Date: Fri, 07 Apr 2006 01:15:47 -0700 [thread overview]
Message-ID: <7vhd55ls24.fsf@assigned-by-dhcp.cox.net> (raw)
In-Reply-To: Pine.LNX.4.64.0604030734440.3781@g5.osdl.org
Linus Torvalds <torvalds@osdl.org> writes:
> On Mon, 3 Apr 2006, Linus Torvalds wrote:
>>
>> That said, I think git _does_ have problems with large pack-files. We have
>> some 32-bit issues etc
>
> I should clarify that. git _itself_ shouldn't have any 32-bit issues, but
> the packfile data structure does. The index has 32-bit offsets into
> individual pack-files.
>
> That's not hugely fundamental,...
Linus _does_ understand what he means, but let me clarify and
outline a possible future direction.
* pack-*.pack file has the following format:
- The header appears at the beginning and consists of the following:
4-byte signature
4-byte version number (network byte order)
4-byte number of objects contained in the pack (network byte order)
Observation: we cannot have more than 4G versions ;-) and
more than 4G objects in a pack.
- The header is followed by number of object entries, each of
which looks like this:
(undeltified representation)
n-byte type and length (4-bit type, (n-1)*7+4-bit length)
compressed data
(deltified representation)
n-byte type and length (4-bit type, (n-1)*7+4-bit length)
20-byte base object name
compressed delta data
Observation: length of each object is encoded in a variable
length format and is not constrained to 32-bit or anything.
- The trailer records 20-byte SHA1 checksum of all of the above.
* pack-*.idx file has the following format:
- The header consists of 256 4-byte network byte order
integers. N-th entry of this table records the number of
objects in the corresponding pack, the first byte of whose
object name are smaller than N.
Observation: we would need to extend this to an array of
8-byte integers to go beyond 4G objects per pack, but it is
not strictly necessary.
- The header is followed by sorted 28-byte entries, one entry
per object in the pack. Each entry is:
4-byte network byte order integer, recording where the
object is stored in the packfile as the offset from the
beginning.
20-byte object name.
Observation: we would definitely need to extend this to
8-byte integer plus 20-byte object name to handle a packfile
that is larger than 4GB.
- The file is concluded with a trailer:
A copy of the 20-byte SHA1 checksum at the end of
corresponding packfile.
20-byte SHA1-checksum of all of the above.

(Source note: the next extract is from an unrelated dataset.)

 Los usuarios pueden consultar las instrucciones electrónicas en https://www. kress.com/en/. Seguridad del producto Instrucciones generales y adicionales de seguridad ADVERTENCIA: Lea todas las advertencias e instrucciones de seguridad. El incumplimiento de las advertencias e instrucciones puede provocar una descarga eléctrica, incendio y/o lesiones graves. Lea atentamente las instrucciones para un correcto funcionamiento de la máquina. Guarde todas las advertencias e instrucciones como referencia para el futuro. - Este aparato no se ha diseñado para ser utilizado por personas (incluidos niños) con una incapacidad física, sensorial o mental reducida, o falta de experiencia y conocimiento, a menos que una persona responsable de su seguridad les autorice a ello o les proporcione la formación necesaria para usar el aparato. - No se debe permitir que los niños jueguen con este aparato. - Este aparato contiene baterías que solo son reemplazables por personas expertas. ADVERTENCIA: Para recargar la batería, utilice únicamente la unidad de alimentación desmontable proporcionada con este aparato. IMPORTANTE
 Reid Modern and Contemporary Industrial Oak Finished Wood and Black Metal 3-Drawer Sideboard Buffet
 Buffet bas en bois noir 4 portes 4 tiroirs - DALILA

This is not fundamental, in that pack idx file is something we
can regenerate from a packfile. The push/fetch transfer over
git native protocols does not even transfer pack idx file;
instead, the recipient uses git-index-pack to generate pack idx.

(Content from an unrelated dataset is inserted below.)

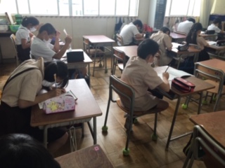 漢字学習の後、テストをしています。算数は、多角形の内角の和の求め方を考えました。

git-index-pack would need to be updated to update the necessary
fields to 8-byte integers, without breaking existing packfiles.

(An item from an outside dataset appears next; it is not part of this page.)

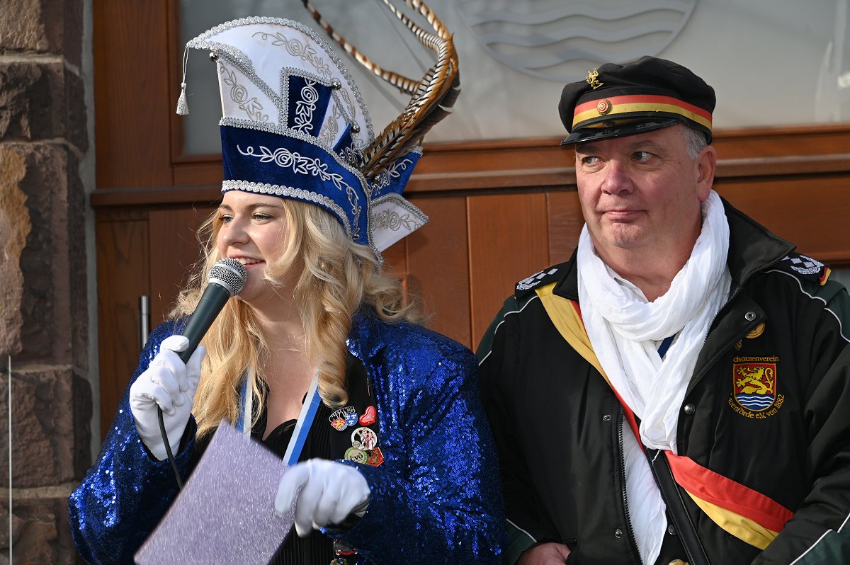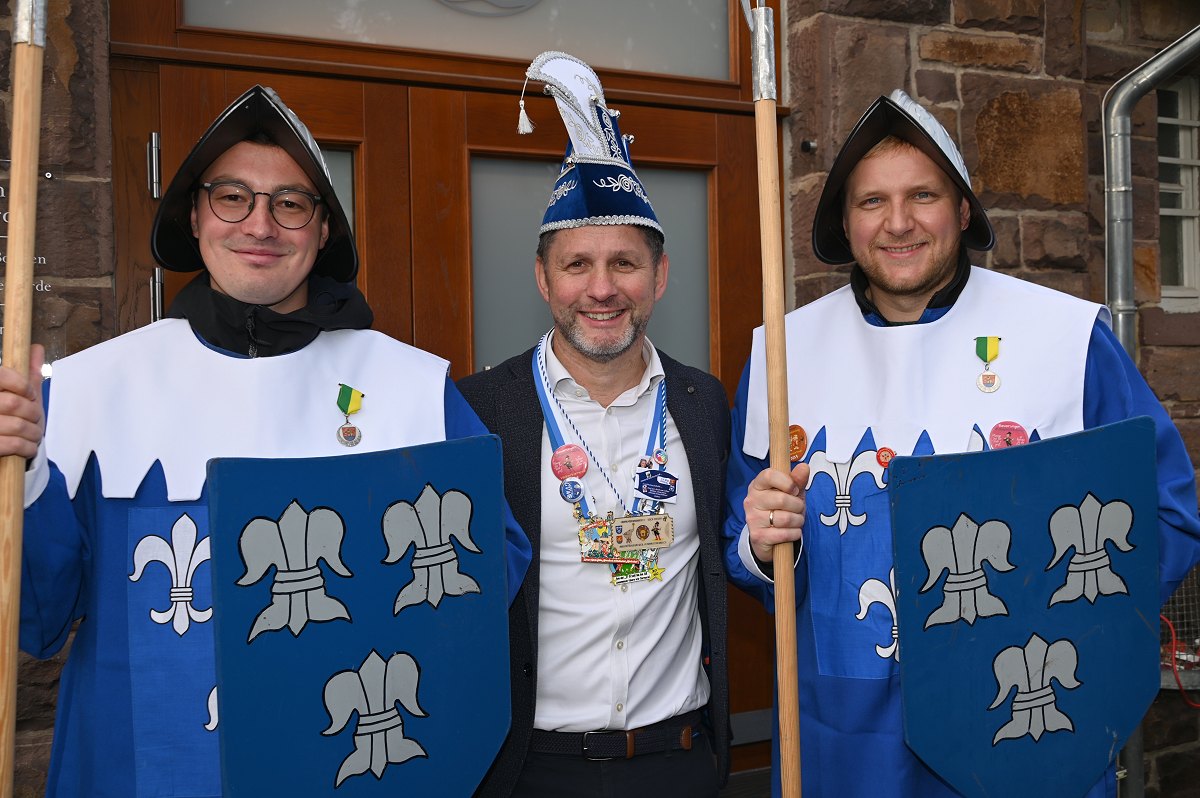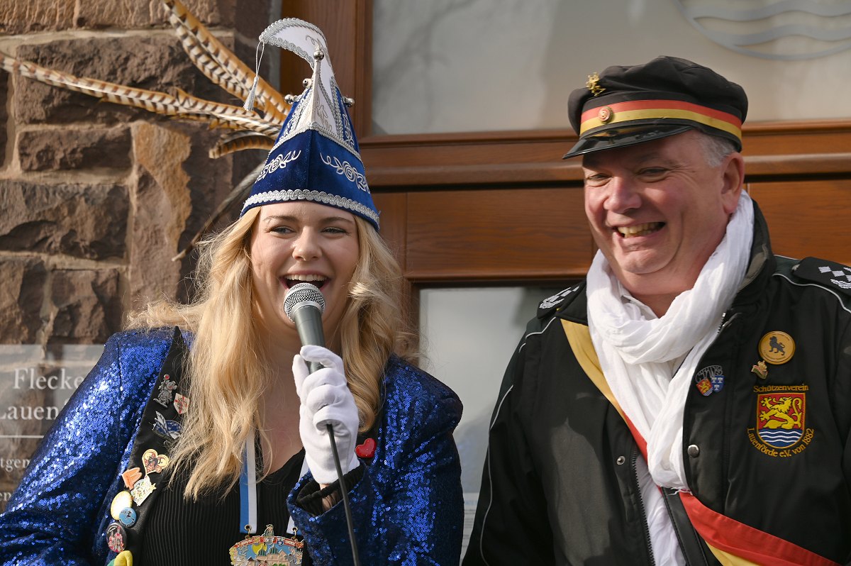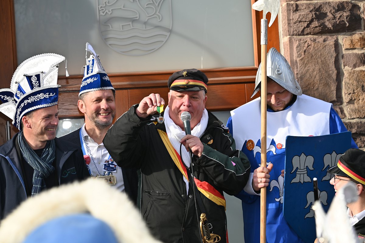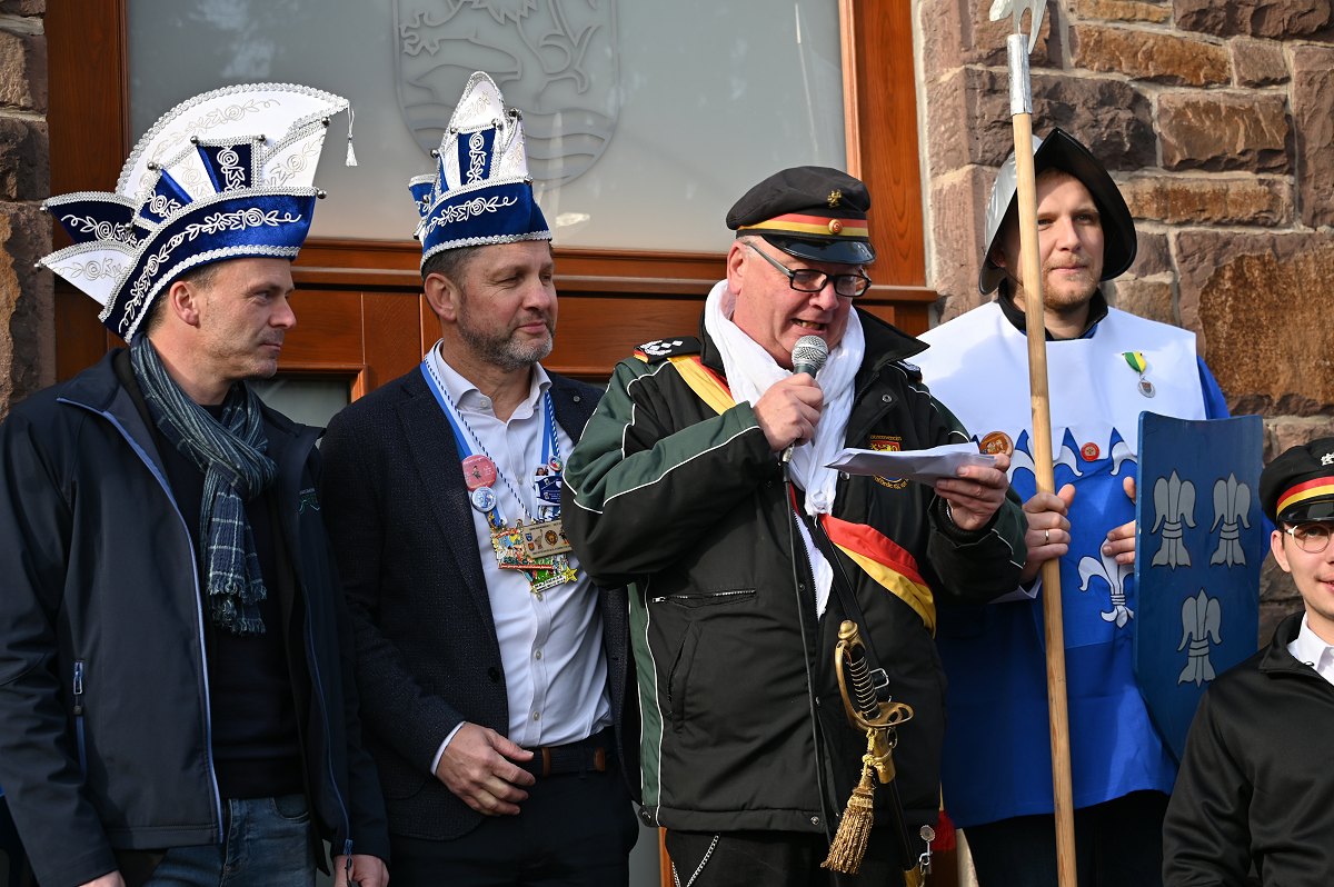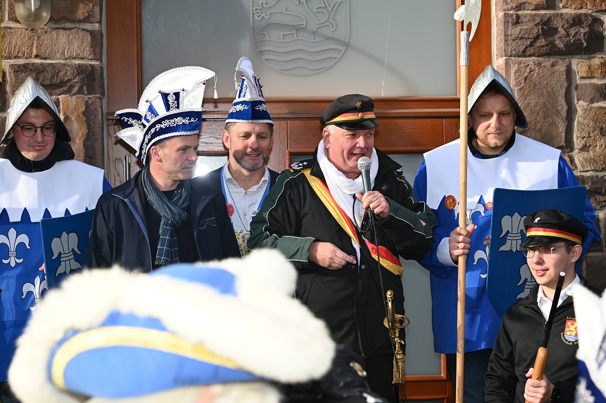 Doch die Jecken waren vorbereitet: Zunächst stürmten die Damen der blau-weißen Garde voran und setzten mit Konfetti-Kanonen bunte Akzente. Danach rückten die Damen der alten Garde mit Regenschirmen an, ein ungewöhnliches, aber wirkungsvolles Bild. Schließlich ebneten die männlichen Karnevalisten in einem geschickten Überraschungsmanöver den Weg, indem sie den Schlagbaum kurzerhand beiseiteschoben. Damit war die Verteidigungslinie gebrochen und die Narrenschar konnte triumphierend ins Rathaus einziehen. Erstmals hatten die Lauenförder Schützen auch Unterstützung aus Beverungen: Zwei Burgwächter, persönlich durch den neu gewählten Beverunger Bürgermeister Tino Wenkel motiviert, stellten sich gemeinsam mit den Schützen den feierlustigen Jecken entgegen. Doch auch diese Verstärkung konnte das Unvermeidliche nicht verhindern, die närrische Macht siegte. CVWB-Präsident Daniel Zarnitz zeigte sich stolz: „Besser könnte unsere Jubiläumssession nicht beginnen!“ Doch der Tag war damit längst nicht vorbei: Bereits am Nachmittag folgte in Beverungen der nächste Höhepunkt. Auf dem Kellerplatz startete ab 15 Uhr ein buntes Treiben mit viel Programm und als Höhepunkt der Proklamierung der beiden Jubiläums-Prinzenpaare ab 17:11 Uhr.

The code to read idx file currently has a sanity check logic to
make sure that the size of the idx file is consistent with
24-byte entries (the last entry in the header matches the number
of objects recorded in the pack). So we could reliably tell
between the current 24-byte version and 28-byte "beyond 4GB"
version, and support both formats at the same time.
Even after we start supporting the 28-byte "beyond 4GB" format,
we can and we should continue writing the current 24-byte
version of pack idx file when the packfile offset can be
expressed with 32-bit.
Having said that, I have to warn that this is not for weak of
heart. The necessary changes would be somewhat involved.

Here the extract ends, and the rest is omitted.